Records from a collection
--- START ---
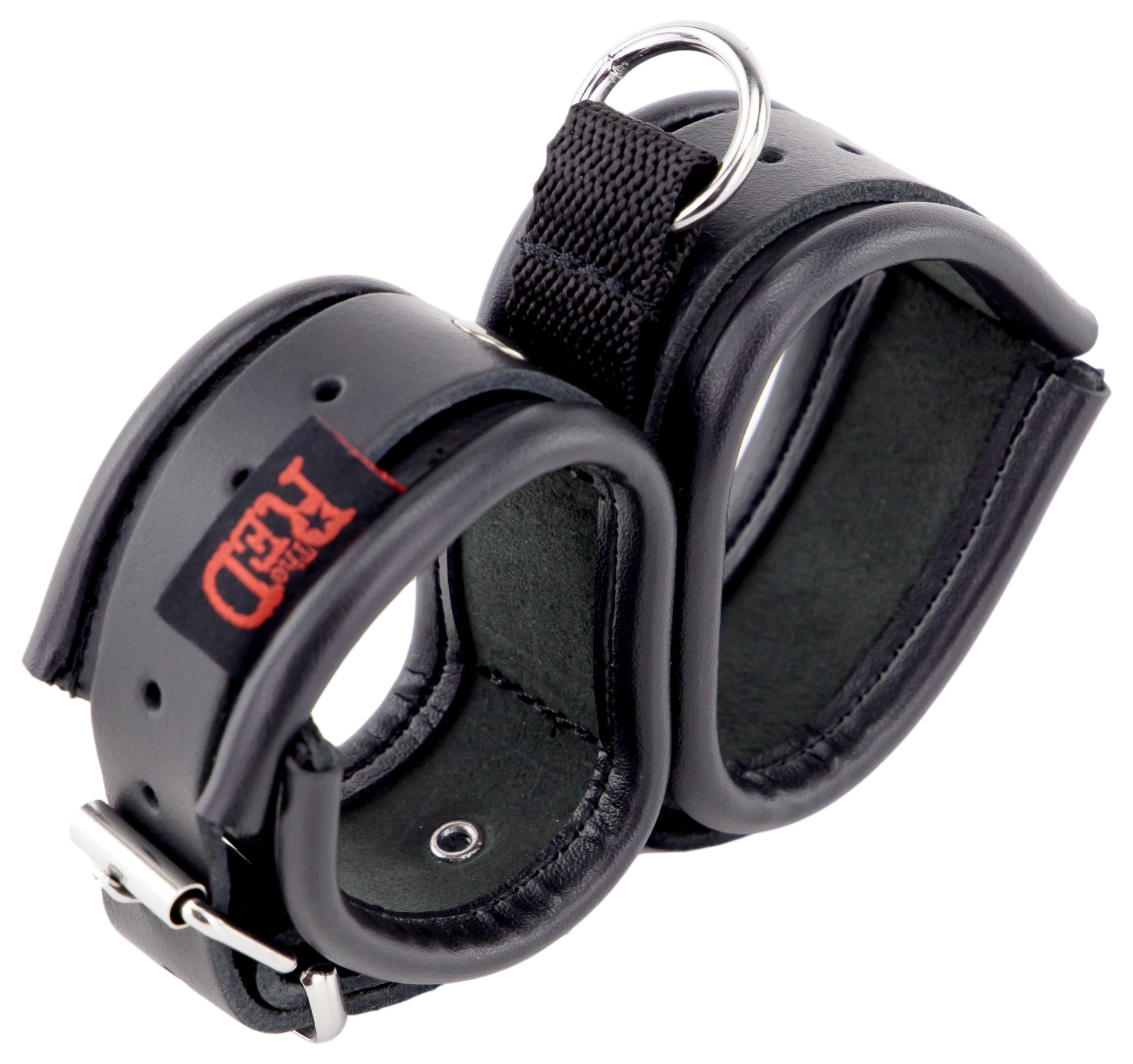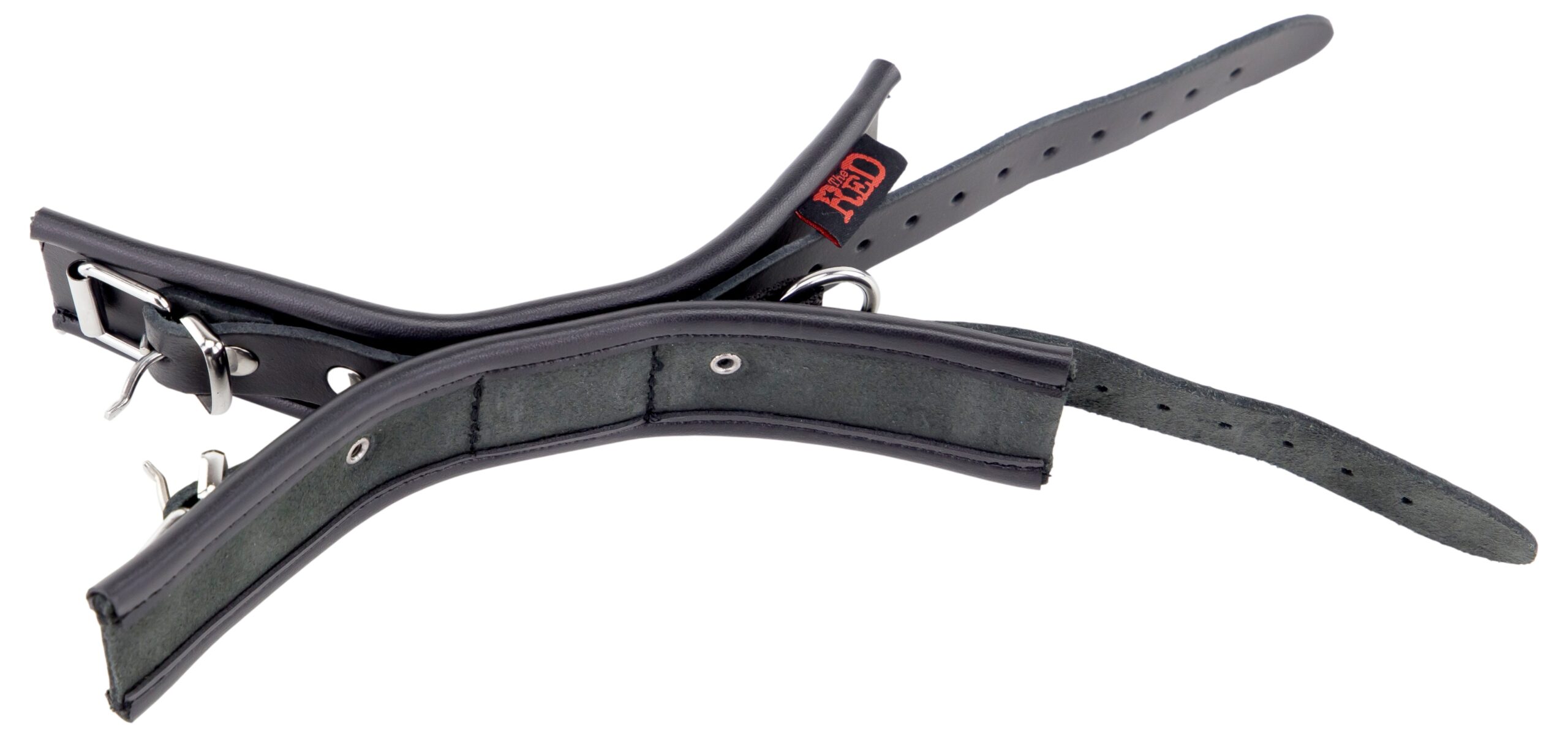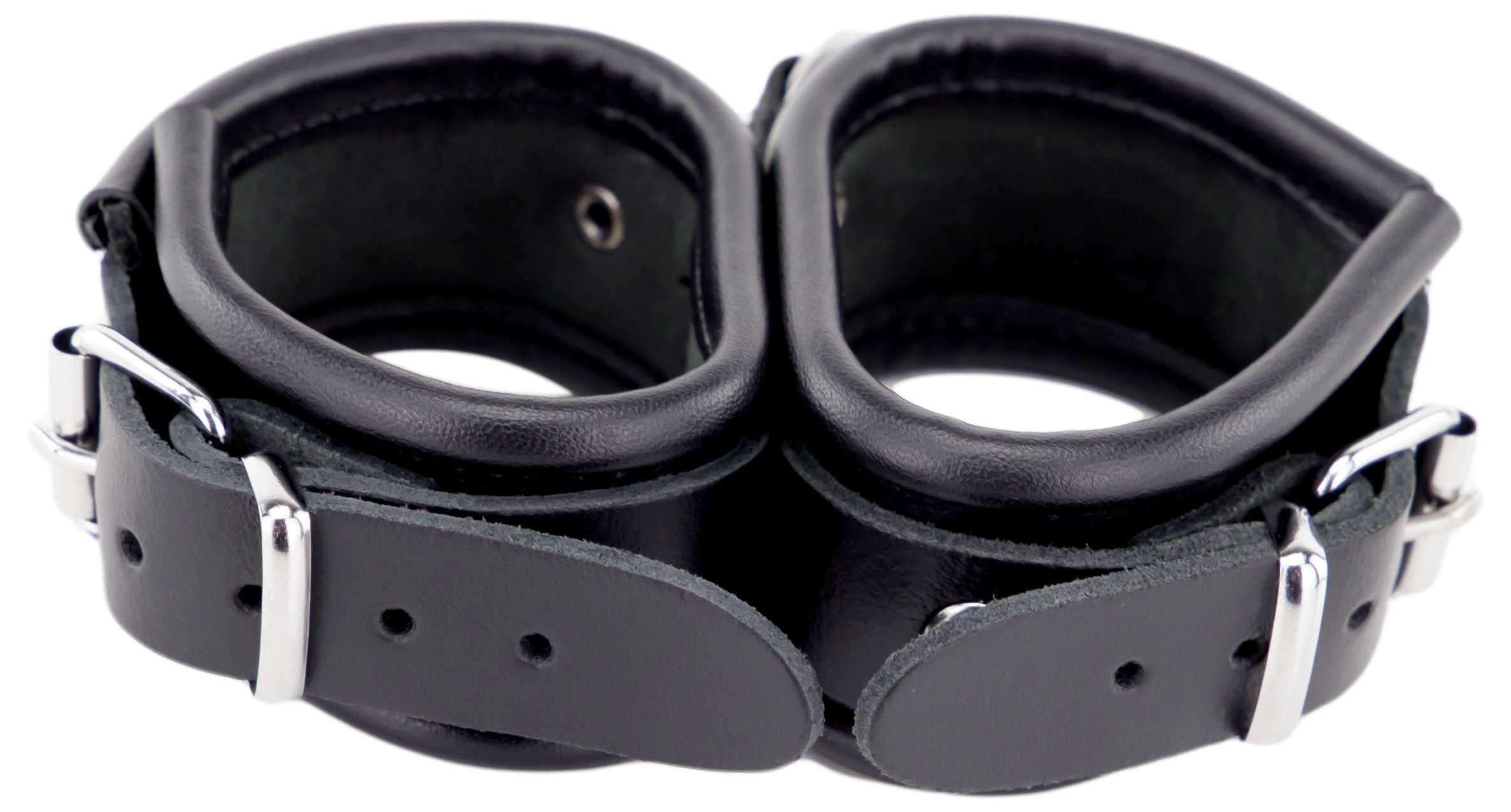Double menotte de maintien en cuir avec sangle tissu et anneau métalCuir de haute qualitéTannage végétal Fabriqué en Europe
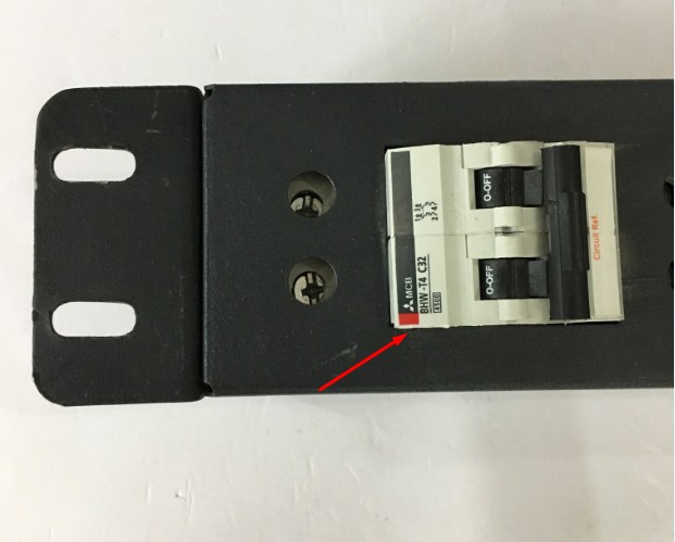 Phích cắm điện A: Đầu bắt cos đấu dây 1 pha MCB BHW-T4 1P C32 Mitsubishi 32A 4.5kA, lỗ luồn cáp trên PDU 10mm
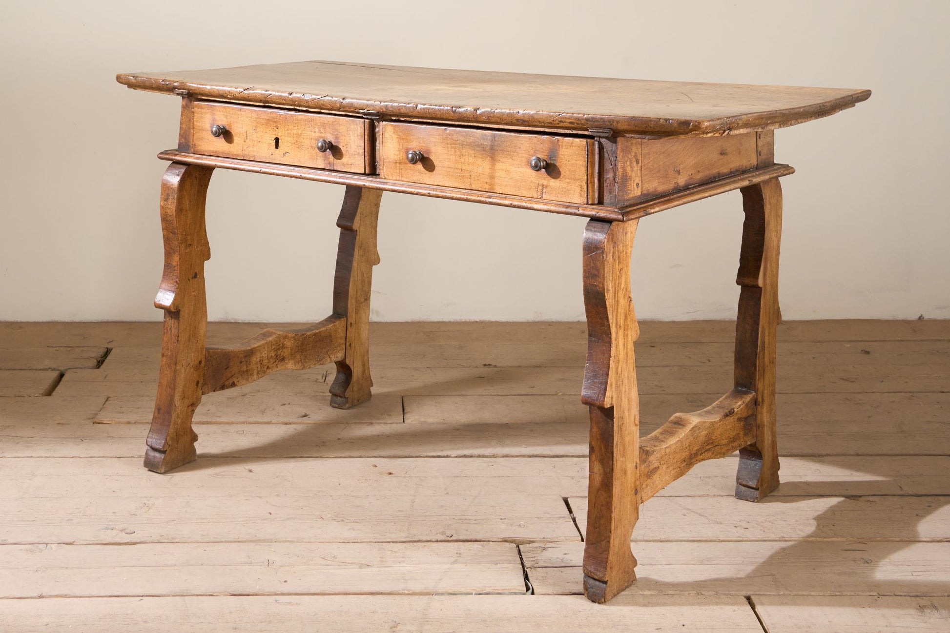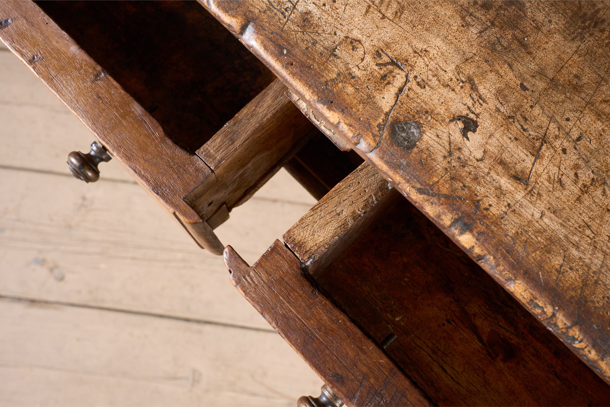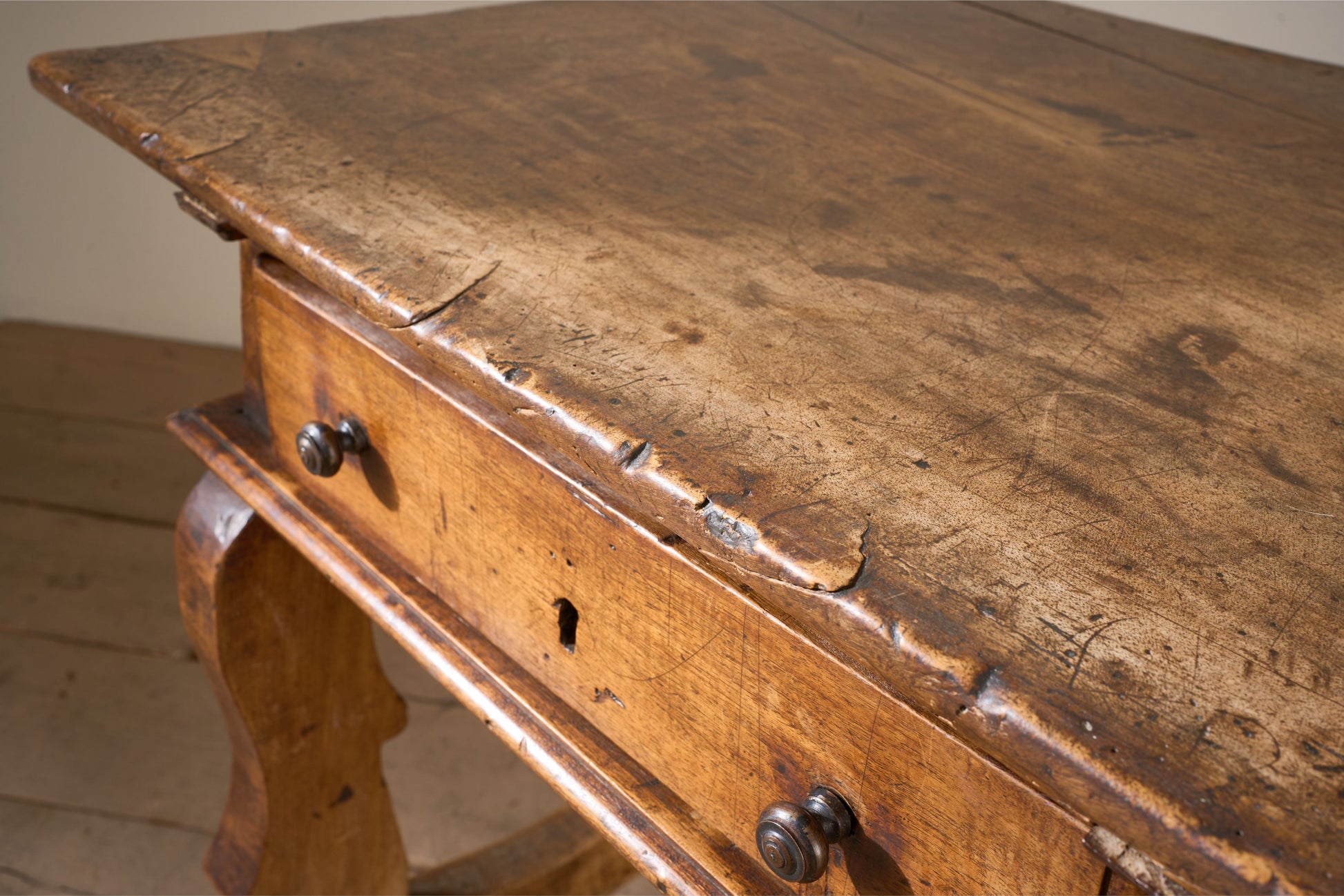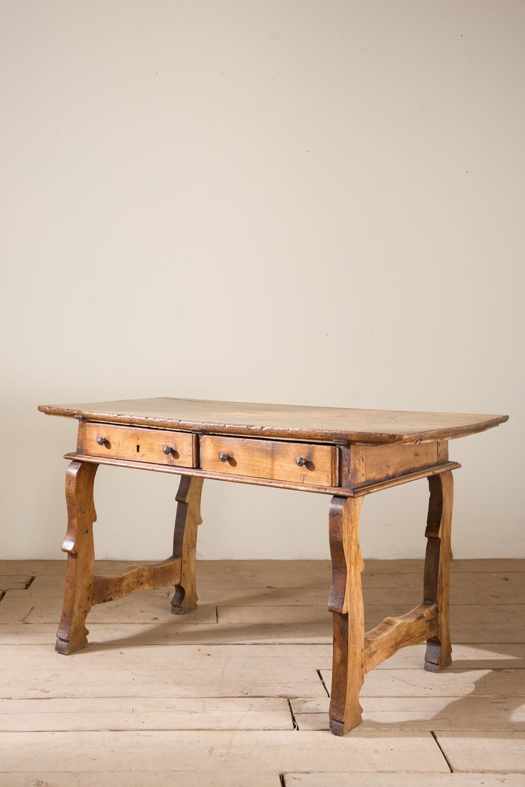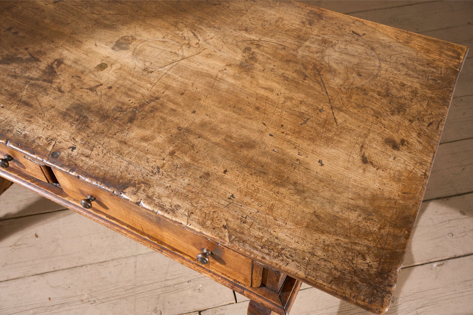 This is a very characterful 18th century Spanish table. It is made from walnut throughout and the top is a stunning single plank that has a wonderful patina and tactile feel that can only be achieved by being a well loved piece of furniture for over 200 years. The whole table is charming and its the quirks that give it the real decorative merits. The whole piece is solid and sits stable. Perfectly useable and the two drawers also open and close easily. The handles are metal which is a nice quality touch but for me the top and the character of the legs is what makes this table fabulous. Honest old repairs throughout and all treated for wood worm.
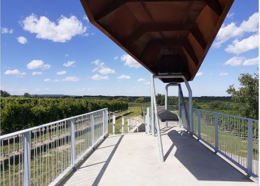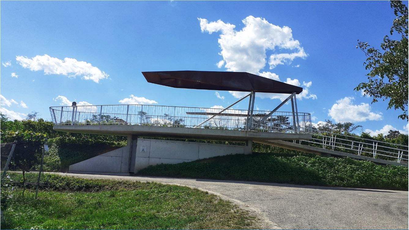 Visitors can reach the viewpoint via well-marked hiking and cycling trails such as the "Tut-Gut-Weg". The platform offers an impressive panoramic view over the vineyards, the Tullnerfeld and as far as the Danube. With seating and a bar, it is ideal for picnics or tastings - a popular meeting place and a real highlight for nature and wine lovers.
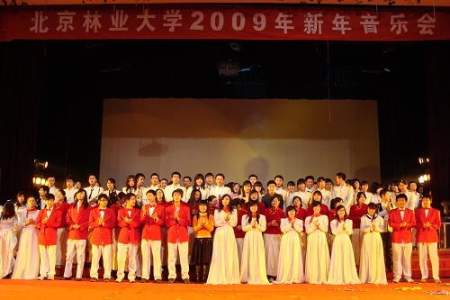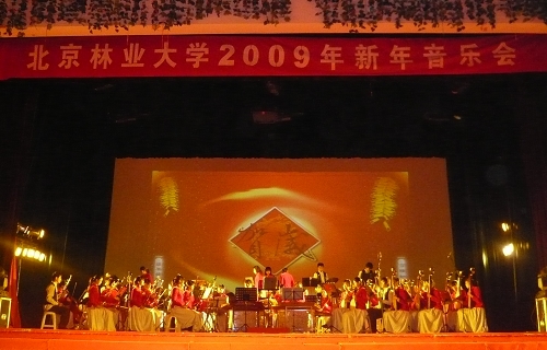 12月30日,由我校团委主办、校学生艺术团承办的北京林业大学2009年新年音乐会在田家炳体育馆精彩上演,本次新年音乐会是我校首次尝试将民乐团、合唱团、军乐团专场演出合为一体。本次音乐会共分为“和乐礼赞”、“天籁共鸣”、“和谐颂歌”三个篇章,全面展示了民乐的轻快活泼、合唱的婉转悠扬、军乐的高亢激昂。现场气氛热烈,精彩的演出送上了团学组织新年的祝福,也令欣赏音乐会的同学们耳目一新。晚会在《拉德斯基进行曲》中落下帷幕。
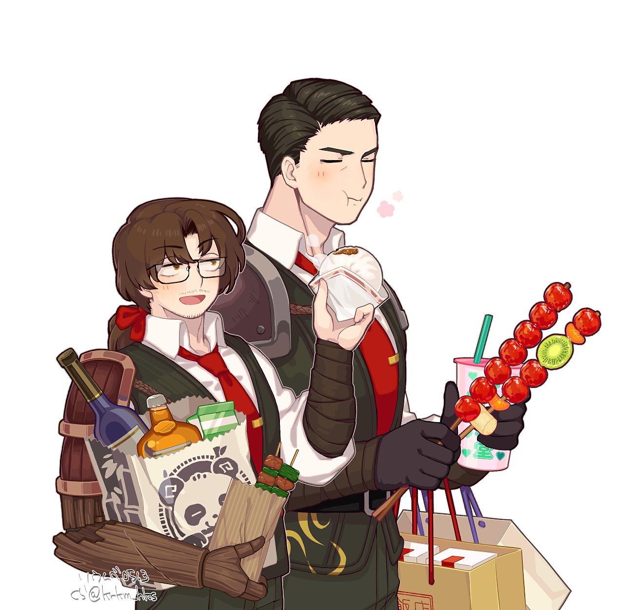 2boys :d :t absurdres alcohol alternate_costume amputee armor artist_name bag bandaged_arm bandages beard_stubble black-framed_eyewear black-framed_glasses black_gauntlets black_hair black_pants black_vest blush bottle bow box brown_eyes brown_hair closed_eyes closed_mouth collared_shirt colored_shoe_soles cup disposable_cup dress_shirt drink drink_carton drinking drinking_straw eating facial_hair food formal_clothes gauntlets glasses gloves gregor_(project_moon) hair_bow hair_ribbon hair_slicked_back happy happy_aura height_difference highres holding holding_bun holding_cup holding_food joints krkm_hks limbus_company liu_association_south_uniform long_hair long_sleeves looking_at_another low_ponytail male_focus mechanical_arms meursault_(project_moon) milk_carton multiple_boys necktie official_alternate_costume open_mouth pants paper_bag parted_bangs pauldrons ponytail project_moon prosthesis prosthetic_arm red_bow red_necktie red_ribbon ribbon semi-rimless_eyewear shirt shopping_bag short_hair shoulder_armor signature simple_background single_mechanical_arm skewer sleeves_rolled_up smile standing steamed_bun strap stubble suit tie_clip tongue twitter_username under-rim_eyewear upper_body vest wagashi white_background white_shirt wine_bottle yellow_eyes
--- END ---
# WHAT NEEDS TO BE DONE:
Repeat the data exactly, excluding the pictures.

# SOLUTION FOR THIS EXERCISE:
Double menotte de maintien en cuir avec sangle tissu et anneau métalCuir de haute qualitéTannage végétal Fabriqué en Europe
 Phích cắm điện A: Đầu bắt cos đấu dây 1 pha MCB BHW-T4 1P C32 Mitsubishi 32A 4.5kA, lỗ luồn cáp trên PDU 10mm
 This is a very characterful 18th century Spanish table. It is made from walnut throughout and the top is a stunning single plank that has a wonderful patina and tactile feel that can only be achieved by being a well loved piece of furniture for over 200 years. The whole table is charming and its the quirks that give it the real decorative merits. The whole piece is solid and sits stable. Perfectly useable and the two drawers also open and close easily. The handles are metal which is a nice quality touch but for me the top and the character of the legs is what makes this table fabulous. Honest old repairs throughout and all treated for wood worm.
 Visitors can reach the viewpoint via well-marked hiking and cycling trails such as the "Tut-Gut-Weg". The platform offers an impressive panoramic view over the vineyards, the Tullnerfeld and as far as the Danube. With seating and a bar, it is ideal for picnics or tastings - a popular meeting place and a real highlight for nature and wine lovers.
 12月30日,由我校团委主办、校学生艺术团承办的北京林业大学2009年新年音乐会在田家炳体育馆精彩上演,本次新年音乐会是我校首次尝试将民乐团、合唱团、军乐团专场演出合为一体。本次音乐会共分为“和乐礼赞”、“天籁共鸣”、“和谐颂歌”三个篇章,全面展示了民乐的轻快活泼、合唱的婉转悠扬、军乐的高亢激昂。现场气氛热烈,精彩的演出送上了团学组织新年的祝福,也令欣赏音乐会的同学们耳目一新。晚会在《拉德斯基进行曲》中落下帷幕。
 2boys :d :t absurdres alcohol alternate_costume amputee armor artist_name bag bandaged_arm bandages beard_stubble black-framed_eyewear black-framed_glasses black_gauntlets black_hair black_pants black_vest blush bottle bow box brown_eyes brown_hair closed_eyes closed_mouth collared_shirt colored_shoe_soles cup disposable_cup dress_shirt drink drink_carton drinking drinking_straw eating facial_hair food formal_clothes gauntlets glasses gloves gregor_(project_moon) hair_bow hair_ribbon hair_slicked_back happy happy_aura height_difference highres holding holding_bun holding_cup holding_food joints krkm_hks limbus_company liu_association_south_uniform long_hair long_sleeves looking_at_another low_ponytail male_focus mechanical_arms meursault_(project_moon) milk_carton multiple_boys necktie official_alternate_costume open_mouth pants paper_bag parted_bangs pauldrons ponytail project_moon prosthesis prosthetic_arm red_bow red_necktie red_ribbon ribbon semi-rimless_eyewear shirt shopping_bag short_hair shoulder_armor signature simple_background single_mechanical_arm skewer sleeves_rolled_up smile standing steamed_bun strap stubble suit tie_clip tongue twitter_username under-rim_eyewear upper_body vest wagashi white_background white_shirt wine_bottle yellow_eyes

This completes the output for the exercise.